Which gives $$\hat \theta_0 = -\frac{\hat b}{\hat m_1}$$, $$\hat \theta_1 = \frac{1}{\hat m_1}$$, and $$\hat \theta_2 = - \frac{\hat m_2}{\hat m_1}$$.

def model_4(train):
'''f(x) = θ₀ + θ₁PA + θ₂RH'''
# Fit calibration model using sklearn
X, y = train[['pm25aqs', 'rh']], train['pm25pa']
model = LinearRegression().fit(X, y)
[m1, m2], b = model.coef_, model.intercept_

# Invert to find parameters
theta_0 = - b / m1
theta_1 = 1 / m1
theta_2 = - m2 / m1

def predict(data):
return theta_0 + theta_1 * data['pm25pa'] + theta_2 * data['rh']
return (data['pm25pa'] - data['rh'] * m2 - b) / m1
return predict

model_results([model_1, model_2, model_3, model_4])

rmse
model
f(x) = θ 5.45
f(x) = PA + θ 7.33
f(x) = θ₀ + θ₁PA 2.96
f(x) = θ₀ + θ₁PA + θ₂RH 2.58

We see that out of the four models, the model that incorporates PurpleAir and relative humidity performs the best. This is also reflected in its residual plot.

plot_residuals([model_3, model_4])


From the residual plot, we can see that Model 4’s residuals are generally closer to 0. Model 4’s residuals trend downward less than Model 3’s, indicating a better model fit.

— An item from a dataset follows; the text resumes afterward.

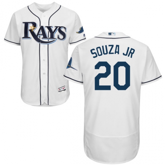 Home>MLB>Tampa Bay Rays>Steven Souza>Men's Majestic Tampa Bay Rays #20 Steven Souza Home White Flexbase Authentic Collection MLB Jersey

After fitting the model, we have: $$\hat \theta_0 = 5.77$$, $$\hat \theta_1 = 0.524$$, and $$\hat \theta_2 = -0.0860$$ so our fitted model predicts:

\begin{aligned} f_{\hat \theta}(x) = 5.77 + 0.524 \cdot \text{PA} - 0.086 \cdot \text{RH} \end{aligned}

And thus, we’ve achieved our goal: we have a model to correct PurpleAir PM2.5 measurements! From our analysis, this model achieves a test set error of 2.58 µg m⁻³, which is a useful improvement over our baseline models. If the model can maintain this error rate for real-world data, it should be practically useful—for instance, a “moderate” PM2.5 level corresponds to 12-35 µg m⁻³, while a “unhealthy for sensitive groups” PM2.5 level corresponds to 35-55 µg m⁻³ . Our residual plot shows that applying our correction to PurpleAir sensors makes most measurements within 5 µg m⁻³ away from the true PM2.5, so we can reasonably recommend using PurpleAir sensors to report air quality.